Jördening: It's super important as well, because I think what we're currently lacking in ML is a lot, but do not repeat yourself pattern. I don't know how many people wrote something to encode dates into day of week. Literally, half of the data scientists did it by now, and actually only one person should have done it, tested it, and you would have been done.

Zweben: Then you get subtle examples of the problem. I'll use a retail example just because that's accessible for a lot of our audience here. If you're two data scientists that are building models, one may be trying to acquire new customers and another one trying to retain customers, and they're collecting up sales data or just aggregation data. One data scientist is collecting up summaries of behavior and they include sales tax, and another one doesn't include sales tax. They're both thinking that they're using some summaries, all of a sudden, they may actually end up doing different things because they define their feature with colloquial, and in English, they may call it the same thing, sales history, but they've got a different definition of it that's slightly different and their models behave differently. It's an interesting problem of just being able to just start to reuse this work, and not have it be just duplicated over again, for sure.
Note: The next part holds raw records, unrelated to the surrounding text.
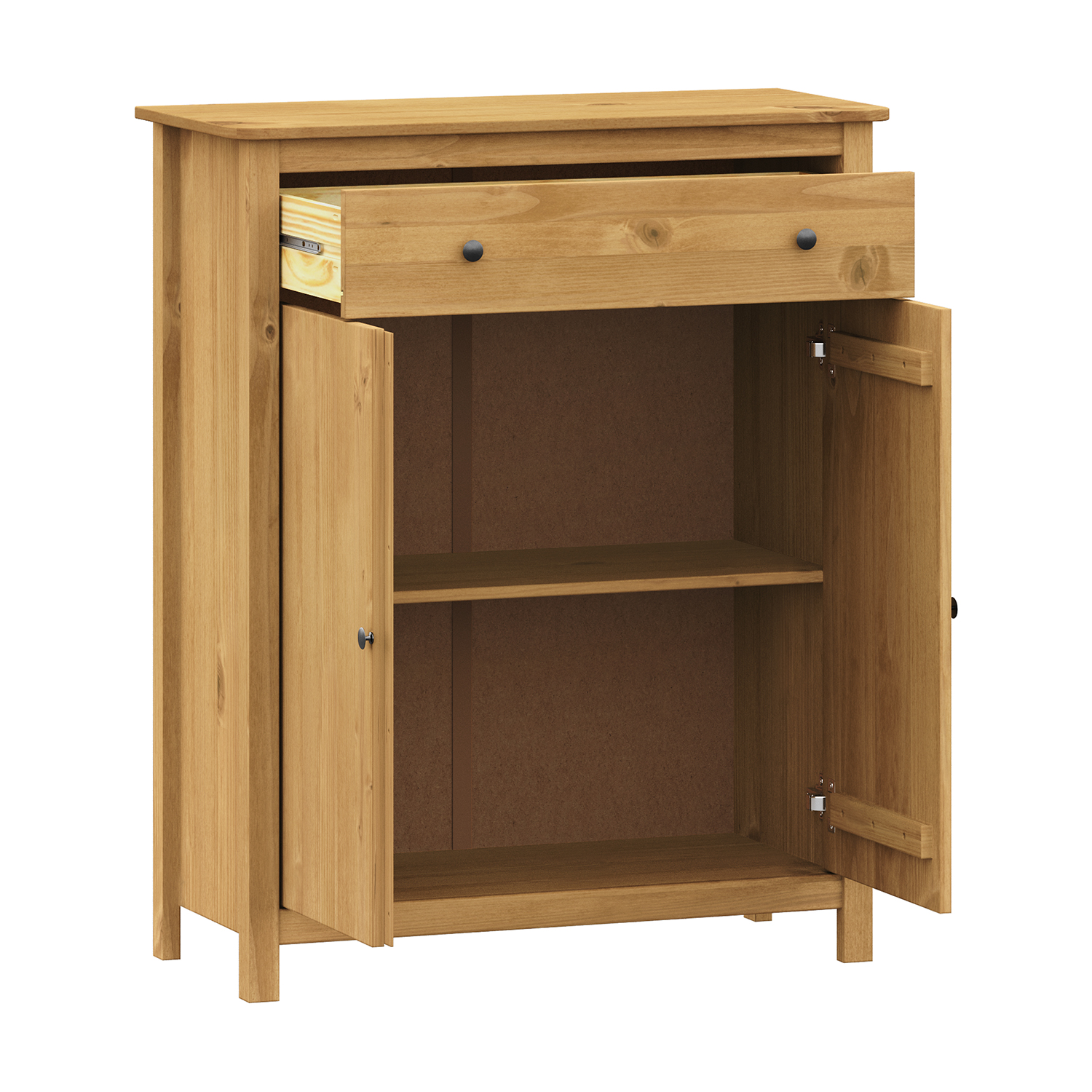 Kód produktu: 8091Vmateriál masiv borovice voskovaná v medovém odstínu kovové úchytky v barevném provedení černěná mosaz 2 zásuvky s kovovými pojezdy, 2 plné dveře, 1 police vhodný doplněk nástavec 8096V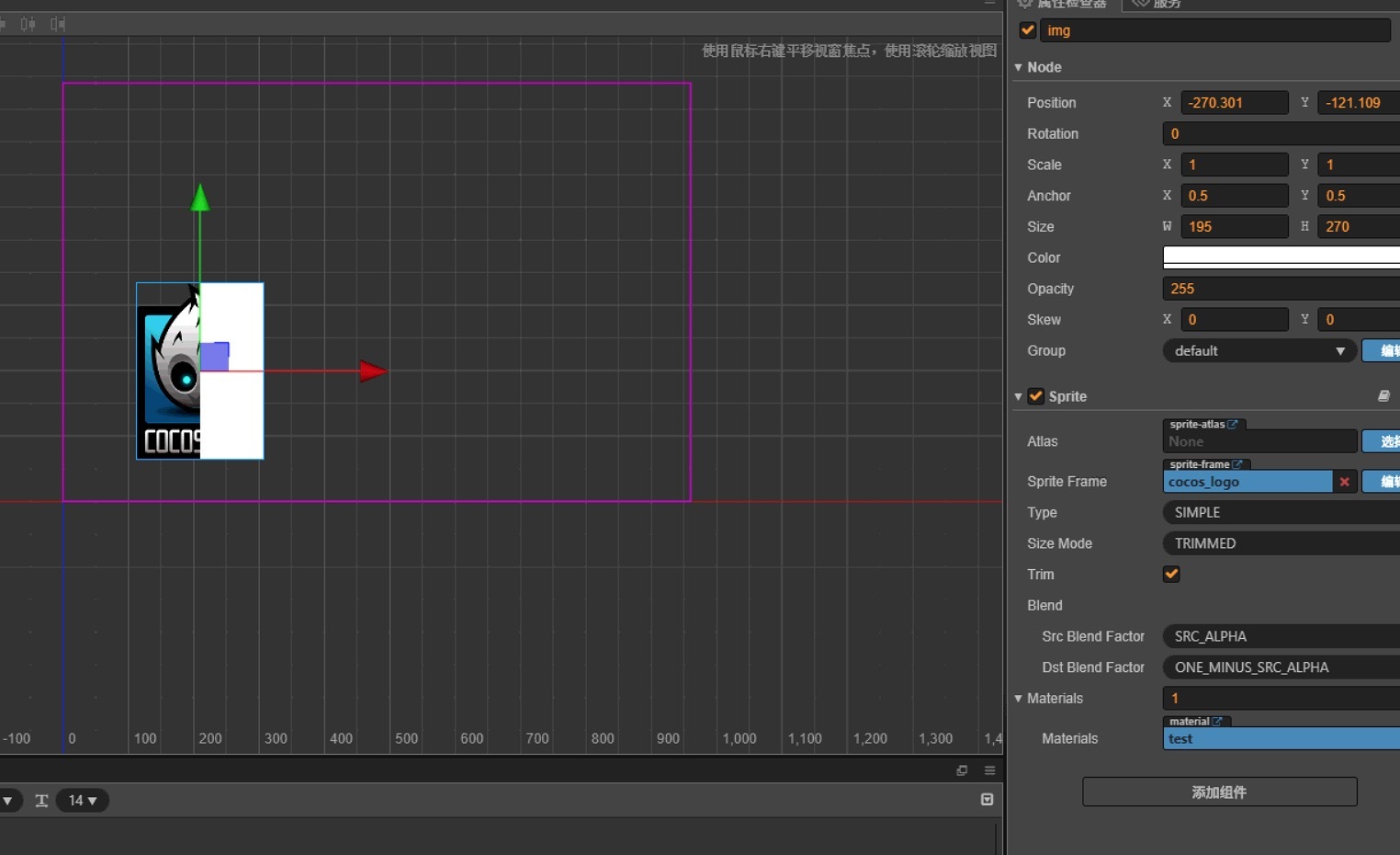 新建一个hello world工程,在场景中添加一张图片。新建一个材质替换图片的默认材质。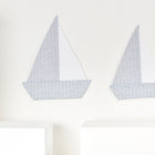 Les voiliers mesurent entre 36 et 42 cm, sont en 100% coton à l'extérieur et peuvent être lavés en machine. Ils sont en outre renforcés à l'intérieur avec un molleton léger afin qu'ils soient suspendus de manière stable et rigide au mur. Contenu : 2 voiliers.

ML Engineering and ML Ops as Part of Computer Science

Jördening: Do you believe that ML engineering and ML Ops should be part of the course CS material for upcoming CS ML students?

I definitely think so, because you can't teach training models without teaching how can you compare your model to the student next to you.

Zweben: I agree. My colleague Ben Epstein and I, organized a course at WashU in St. Louis, Washington University. He did most of the teaching. We put together this full credit course that was all about cloud computing, big data, and ML. It strung together some of these concepts of just everything from the beginning of like, how do you create a compute instance that's elastic, all the way through to, how do you push a model out? I'm hopeful that the curriculums for computer science start to do this. I'm also on the advisory board for the dean of computer science at Carnegie Mellon University. This is emerging. This question that was asked, is really emerging as a standard, where practical engineering standards beyond just ML, but just in general, become part of the curriculum for traditional computer science. Yes, you'll learn about algorithms, and data structures, and compilers, and operating systems, and databases, but you also learn the software engineering techniques to put these all together. The DevOps techniques on top of that, and that proves true for machine learning too.

Meertens: I think we can even go a step further, I think, it should be taught at primary school. There's this thing from Google, which is called Teachable Machine, which I think is a great tool to explain to children, what's the basis of machine learning? You show some examples of a cat, you show some examples of a dog with Teachable Machine data with your webcam. I use this as my way of doing machine learning. If I think, I want to solve this simple problem. I just go to Teachable Machine and train my model there. It's a great way to explain to children already, what is this programming 2.0. I really hope that easy tools like this, if they are being used by more children, are maybe integrated into other programming tools for children, like Scratch, the programming language where you just draw boxes.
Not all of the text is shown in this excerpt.